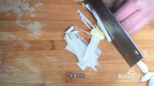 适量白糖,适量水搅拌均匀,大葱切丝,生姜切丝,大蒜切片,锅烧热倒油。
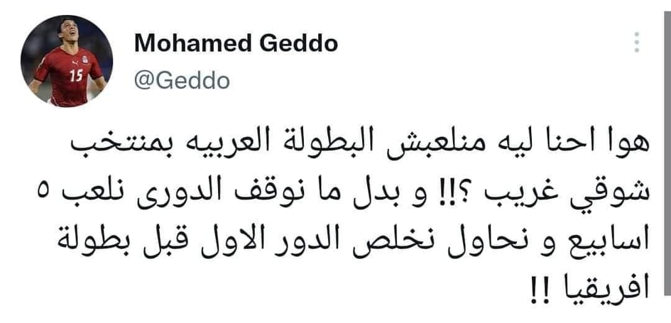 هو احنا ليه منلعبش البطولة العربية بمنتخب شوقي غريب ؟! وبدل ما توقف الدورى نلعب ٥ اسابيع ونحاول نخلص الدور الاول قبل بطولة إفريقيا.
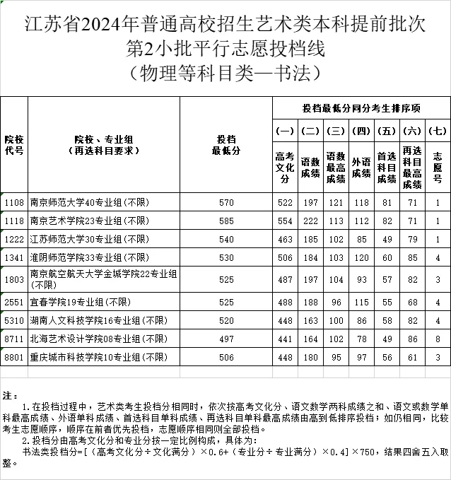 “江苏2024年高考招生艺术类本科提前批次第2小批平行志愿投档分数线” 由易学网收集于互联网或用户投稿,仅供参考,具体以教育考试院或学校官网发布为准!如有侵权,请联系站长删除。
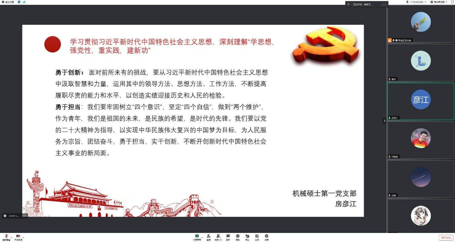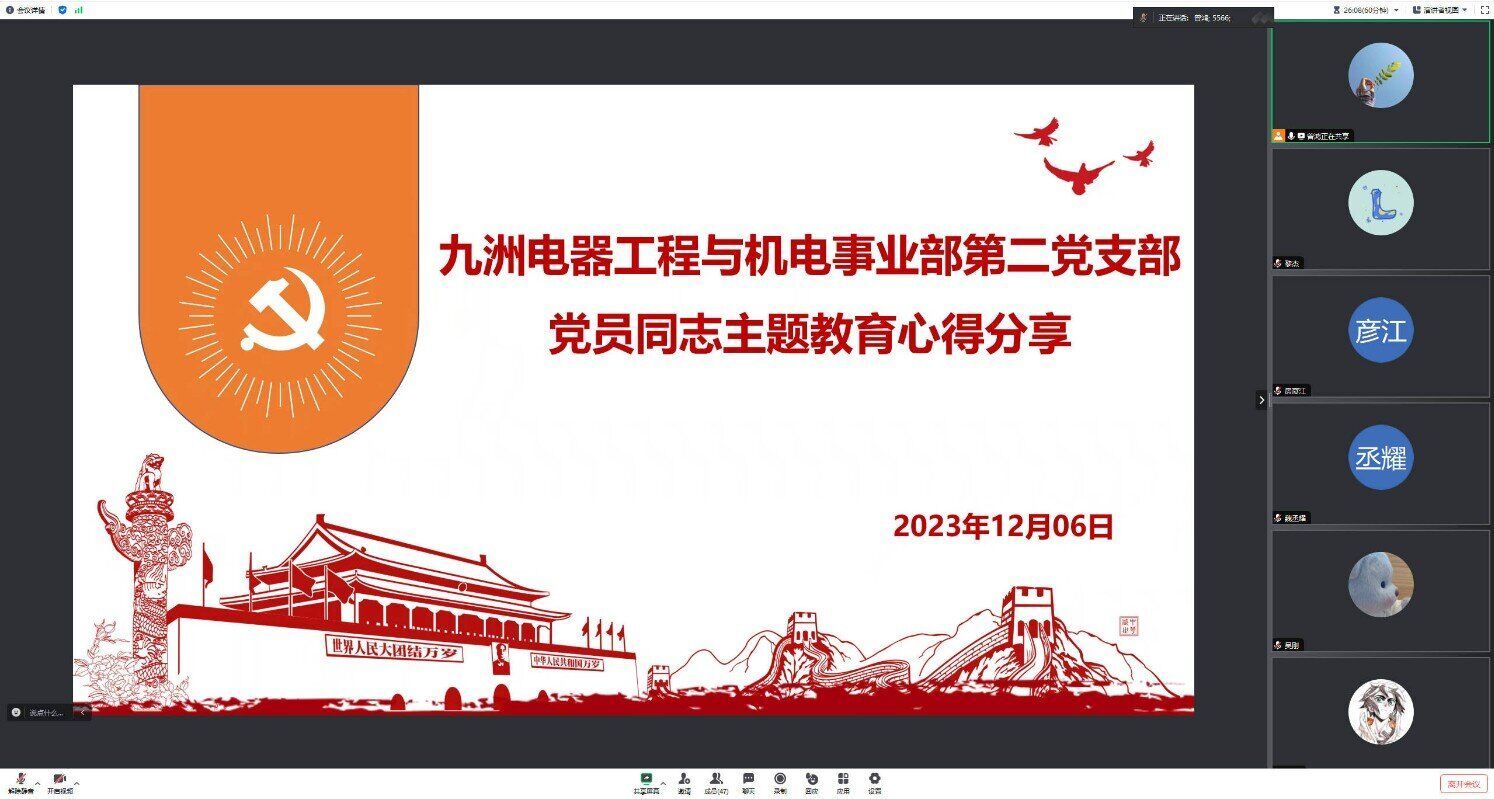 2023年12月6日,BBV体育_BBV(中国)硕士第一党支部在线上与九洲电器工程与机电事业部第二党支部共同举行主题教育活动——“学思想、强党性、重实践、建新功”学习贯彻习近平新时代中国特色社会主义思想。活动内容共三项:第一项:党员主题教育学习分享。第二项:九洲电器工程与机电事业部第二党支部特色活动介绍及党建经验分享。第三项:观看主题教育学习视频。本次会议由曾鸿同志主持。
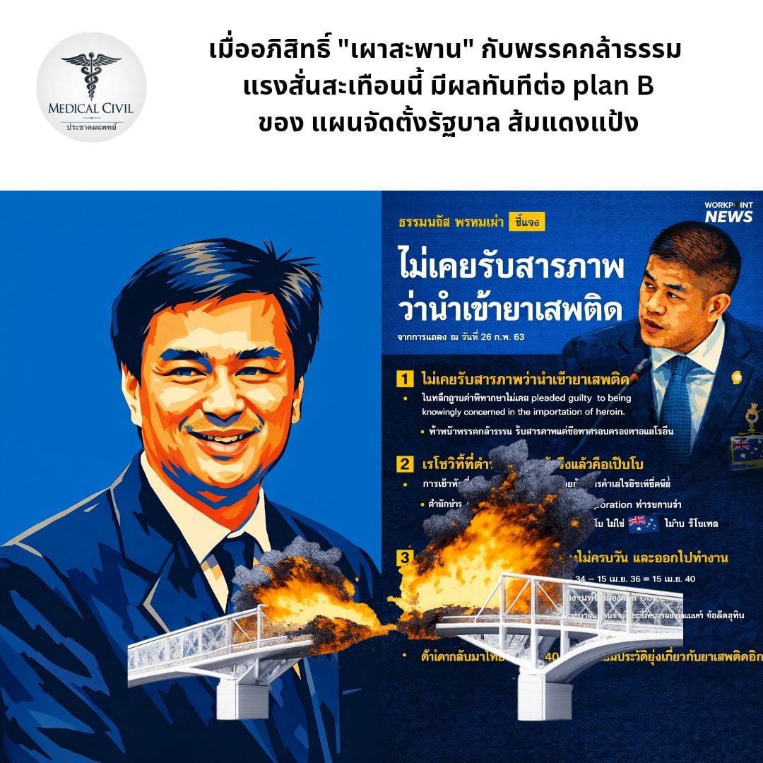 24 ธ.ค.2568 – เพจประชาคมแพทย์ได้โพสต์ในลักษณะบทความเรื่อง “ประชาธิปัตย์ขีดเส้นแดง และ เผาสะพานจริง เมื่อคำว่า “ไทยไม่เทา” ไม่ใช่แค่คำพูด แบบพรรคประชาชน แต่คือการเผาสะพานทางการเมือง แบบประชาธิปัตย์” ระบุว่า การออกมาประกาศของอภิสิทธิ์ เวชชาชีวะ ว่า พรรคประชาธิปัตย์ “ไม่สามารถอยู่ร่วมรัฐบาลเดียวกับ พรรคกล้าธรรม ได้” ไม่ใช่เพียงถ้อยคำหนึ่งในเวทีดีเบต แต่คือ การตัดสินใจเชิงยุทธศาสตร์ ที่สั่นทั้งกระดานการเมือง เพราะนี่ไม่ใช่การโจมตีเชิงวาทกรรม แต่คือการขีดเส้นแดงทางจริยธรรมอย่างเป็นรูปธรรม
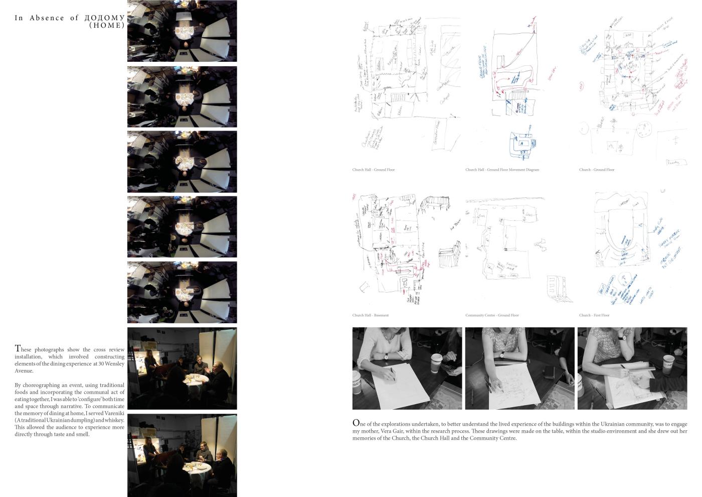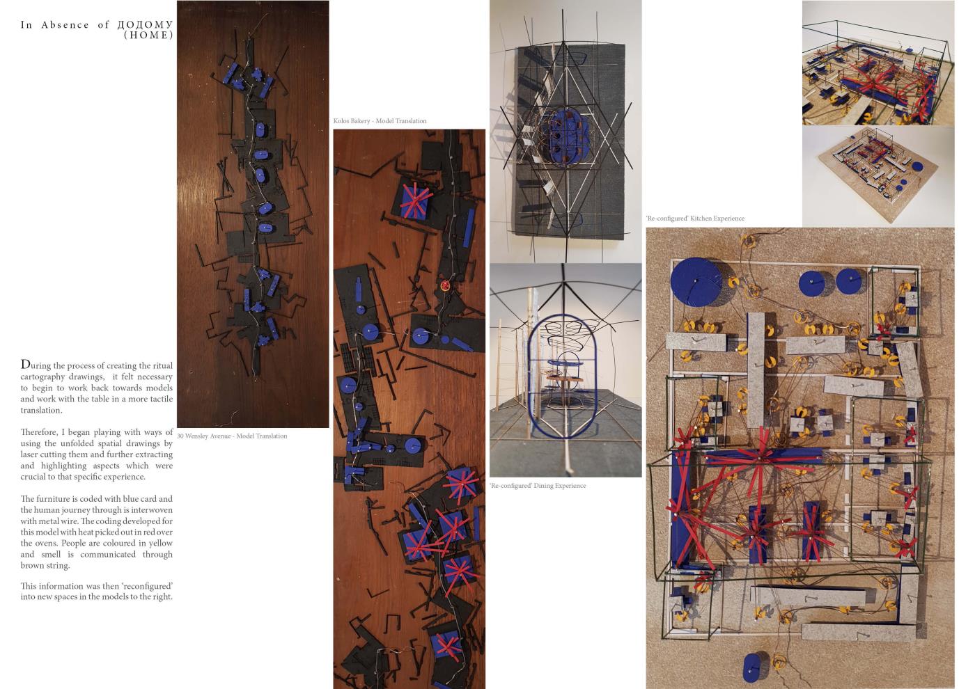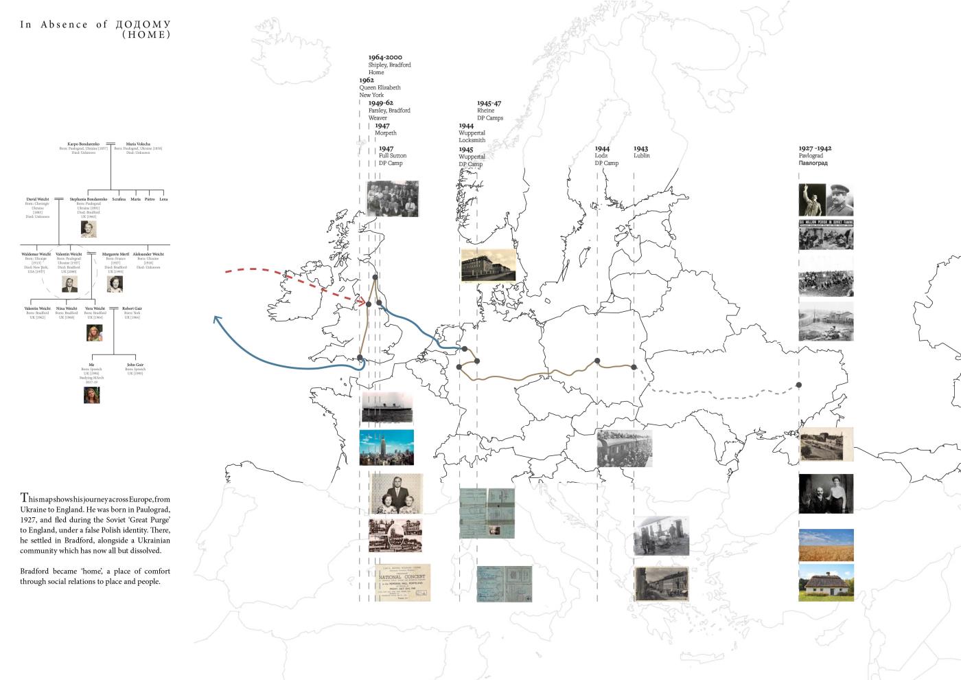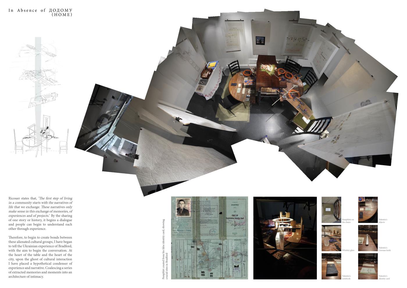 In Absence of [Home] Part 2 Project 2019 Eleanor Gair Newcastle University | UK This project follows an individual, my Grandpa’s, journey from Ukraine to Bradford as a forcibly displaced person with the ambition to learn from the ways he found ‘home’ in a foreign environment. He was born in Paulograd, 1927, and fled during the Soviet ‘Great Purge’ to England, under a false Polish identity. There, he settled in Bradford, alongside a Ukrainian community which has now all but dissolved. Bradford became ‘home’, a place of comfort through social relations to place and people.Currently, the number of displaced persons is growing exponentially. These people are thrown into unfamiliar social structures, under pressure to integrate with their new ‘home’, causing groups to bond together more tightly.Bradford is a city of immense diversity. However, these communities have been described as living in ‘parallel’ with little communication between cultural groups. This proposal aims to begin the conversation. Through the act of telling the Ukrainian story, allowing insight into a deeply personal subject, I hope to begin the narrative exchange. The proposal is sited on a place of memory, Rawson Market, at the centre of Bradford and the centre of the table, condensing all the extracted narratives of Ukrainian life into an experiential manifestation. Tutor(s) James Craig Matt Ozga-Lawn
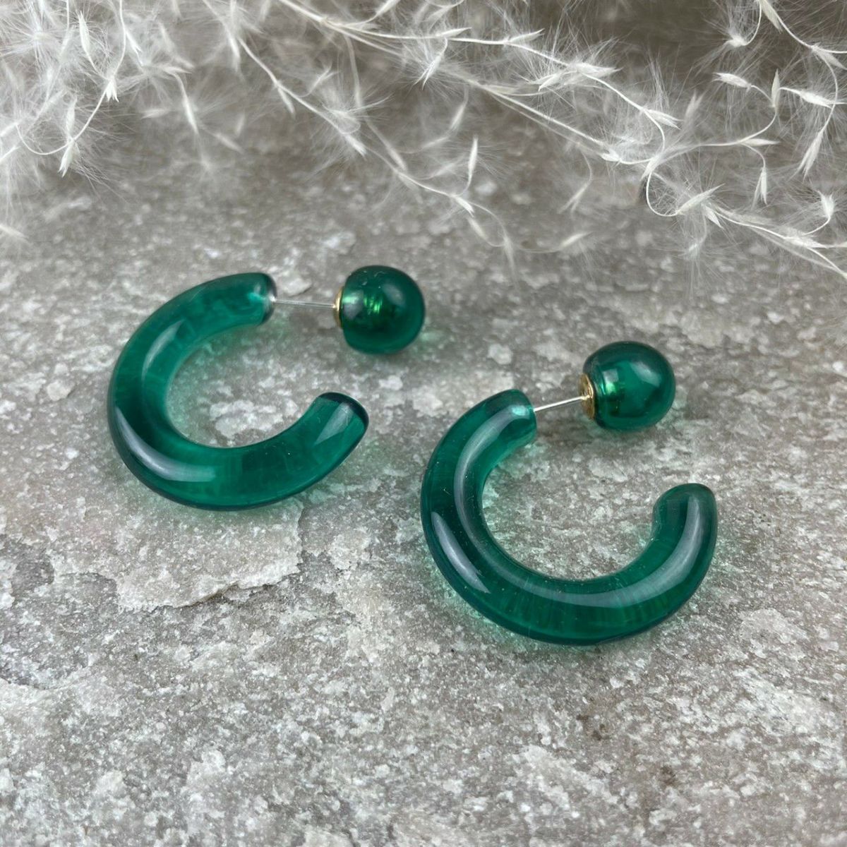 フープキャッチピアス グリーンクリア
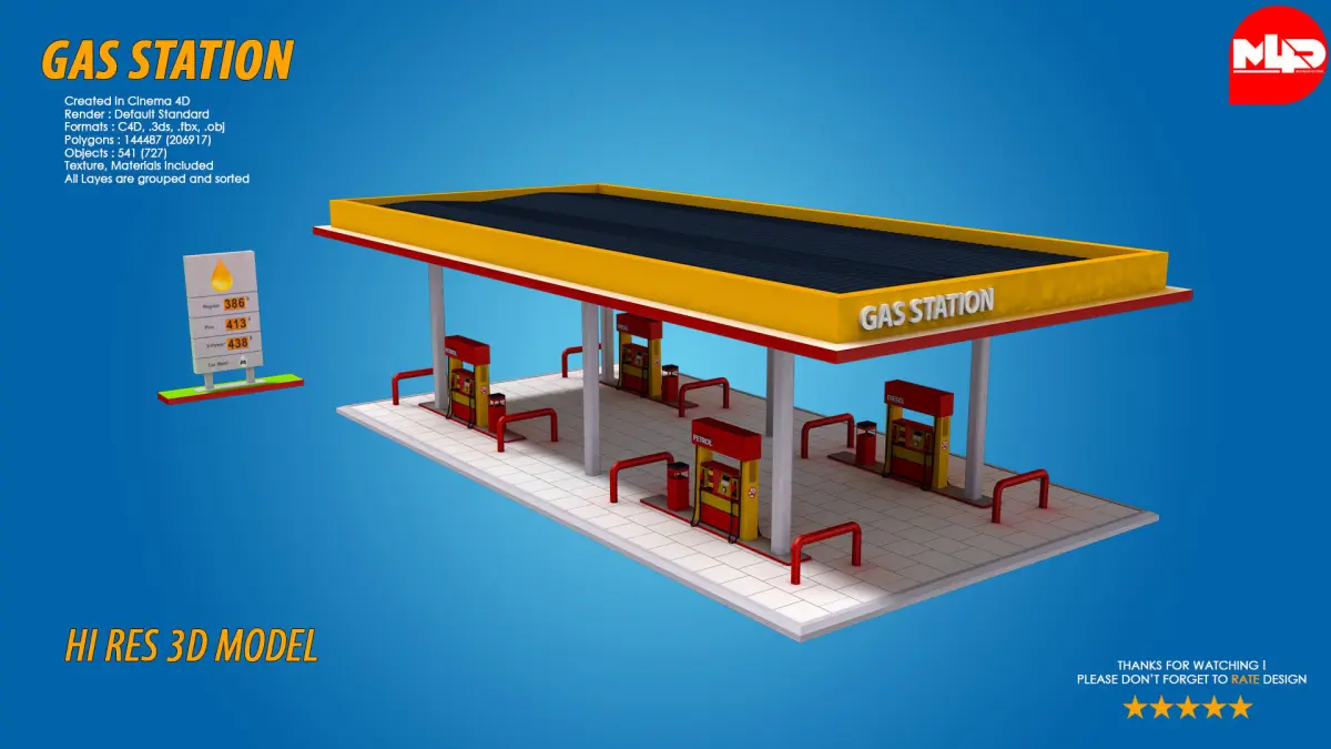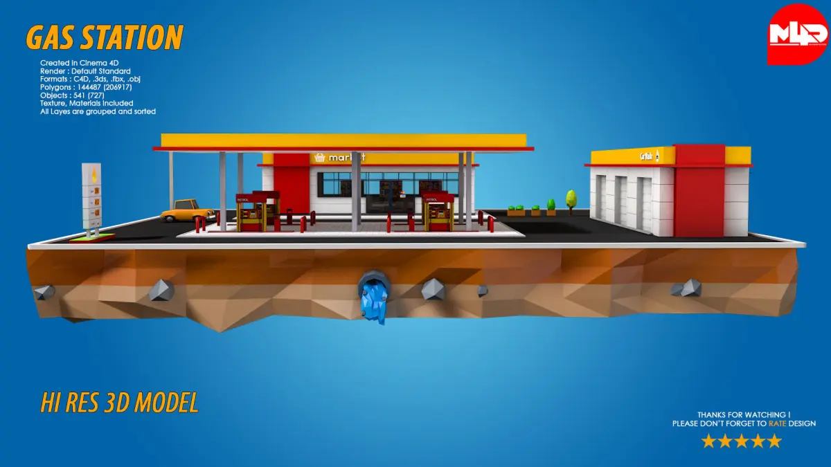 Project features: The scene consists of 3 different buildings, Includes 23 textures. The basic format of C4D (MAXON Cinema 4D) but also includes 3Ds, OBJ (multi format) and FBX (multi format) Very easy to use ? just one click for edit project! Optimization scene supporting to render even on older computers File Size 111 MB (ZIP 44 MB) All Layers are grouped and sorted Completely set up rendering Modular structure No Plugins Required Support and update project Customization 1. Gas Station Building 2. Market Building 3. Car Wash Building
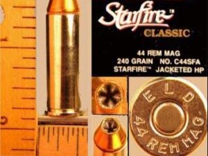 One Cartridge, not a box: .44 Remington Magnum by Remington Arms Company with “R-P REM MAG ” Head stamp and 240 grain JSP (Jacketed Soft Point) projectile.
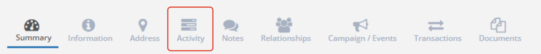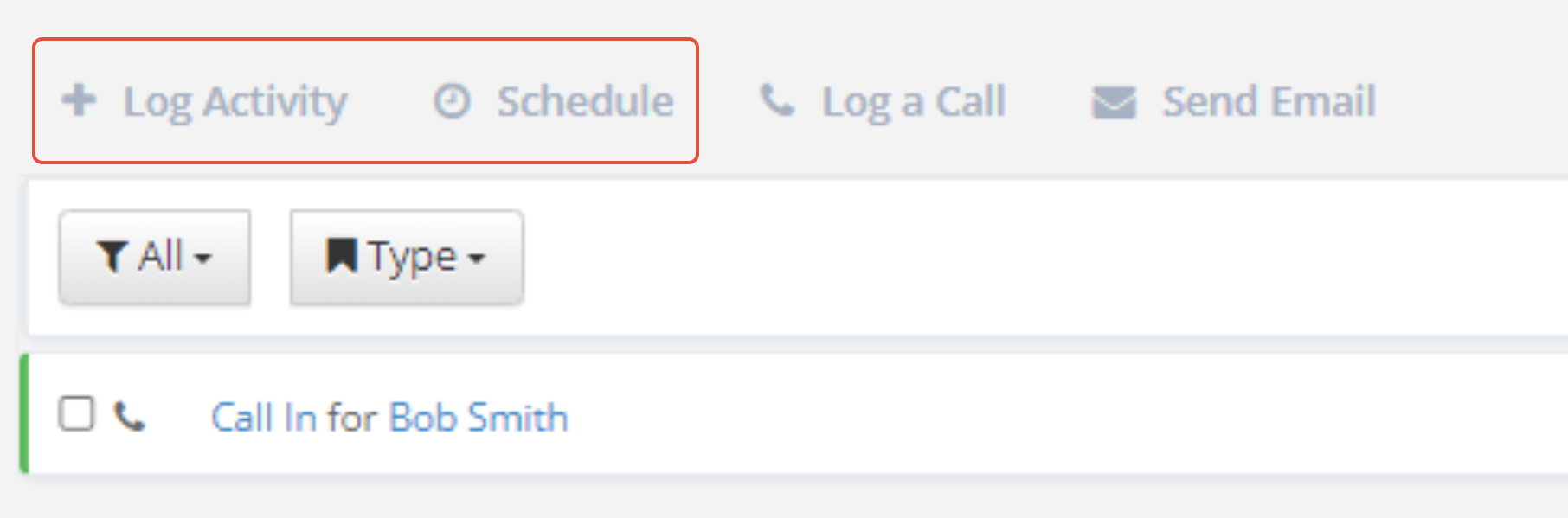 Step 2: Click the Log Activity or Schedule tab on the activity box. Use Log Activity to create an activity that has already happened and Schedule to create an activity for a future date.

____

What is expected: All of the material above must be given again verbatim, except for the pictures.

Result of this exercise:
 适量白糖,适量水搅拌均匀,大葱切丝,生姜切丝,大蒜切片,锅烧热倒油。
 هو احنا ليه منلعبش البطولة العربية بمنتخب شوقي غريب ؟! وبدل ما توقف الدورى نلعب ٥ اسابيع ونحاول نخلص الدور الاول قبل بطولة إفريقيا.
 “江苏2024年高考招生艺术类本科提前批次第2小批平行志愿投档分数线” 由易学网收集于互联网或用户投稿,仅供参考,具体以教育考试院或学校官网发布为准!如有侵权,请联系站长删除。
 2023年12月6日,BBV体育_BBV(中国)硕士第一党支部在线上与九洲电器工程与机电事业部第二党支部共同举行主题教育活动——“学思想、强党性、重实践、建新功”学习贯彻习近平新时代中国特色社会主义思想。活动内容共三项:第一项:党员主题教育学习分享。第二项:九洲电器工程与机电事业部第二党支部特色活动介绍及党建经验分享。第三项:观看主题教育学习视频。本次会议由曾鸿同志主持。
 24 ธ.ค.2568 – เพจประชาคมแพทย์ได้โพสต์ในลักษณะบทความเรื่อง “ประชาธิปัตย์ขีดเส้นแดง และ เผาสะพานจริง เมื่อคำว่า “ไทยไม่เทา” ไม่ใช่แค่คำพูด แบบพรรคประชาชน แต่คือการเผาสะพานทางการเมือง แบบประชาธิปัตย์” ระบุว่า การออกมาประกาศของอภิสิทธิ์ เวชชาชีวะ ว่า พรรคประชาธิปัตย์ “ไม่สามารถอยู่ร่วมรัฐบาลเดียวกับ พรรคกล้าธรรม ได้” ไม่ใช่เพียงถ้อยคำหนึ่งในเวทีดีเบต แต่คือ การตัดสินใจเชิงยุทธศาสตร์ ที่สั่นทั้งกระดานการเมือง เพราะนี่ไม่ใช่การโจมตีเชิงวาทกรรม แต่คือการขีดเส้นแดงทางจริยธรรมอย่างเป็นรูปธรรม
 In Absence of [Home] Part 2 Project 2019 Eleanor Gair Newcastle University | UK This project follows an individual, my Grandpa’s, journey from Ukraine to Bradford as a forcibly displaced person with the ambition to learn from the ways he found ‘home’ in a foreign environment. He was born in Paulograd, 1927, and fled during the Soviet ‘Great Purge’ to England, under a false Polish identity. There, he settled in Bradford, alongside a Ukrainian community which has now all but dissolved. Bradford became ‘home’, a place of comfort through social relations to place and people.Currently, the number of displaced persons is growing exponentially. These people are thrown into unfamiliar social structures, under pressure to integrate with their new ‘home’, causing groups to bond together more tightly.Bradford is a city of immense diversity. However, these communities have been described as living in ‘parallel’ with little communication between cultural groups. This proposal aims to begin the conversation. Through the act of telling the Ukrainian story, allowing insight into a deeply personal subject, I hope to begin the narrative exchange. The proposal is sited on a place of memory, Rawson Market, at the centre of Bradford and the centre of the table, condensing all the extracted narratives of Ukrainian life into an experiential manifestation. Tutor(s) James Craig Matt Ozga-Lawn
 フープキャッチピアス グリーンクリア
 Project features: The scene consists of 3 different buildings, Includes 23 textures. The basic format of C4D (MAXON Cinema 4D) but also includes 3Ds, OBJ (multi format) and FBX (multi format) Very easy to use ? just one click for edit project! Optimization scene supporting to render even on older computers File Size 111 MB (ZIP 44 MB) All Layers are grouped and sorted Completely set up rendering Modular structure No Plugins Required Support and update project Customization 1. Gas Station Building 2. Market Building 3. Car Wash Building
 One Cartridge, not a box: .44 Remington Magnum by Remington Arms Company with “R-P REM MAG ” Head stamp and 240 grain JSP (Jacketed Soft Point) projectile.
 Step 2: Click the Log Activity or Schedule tab on the activity box. Use Log Activity to create an activity that has already happened and Schedule to create an activity for a future date.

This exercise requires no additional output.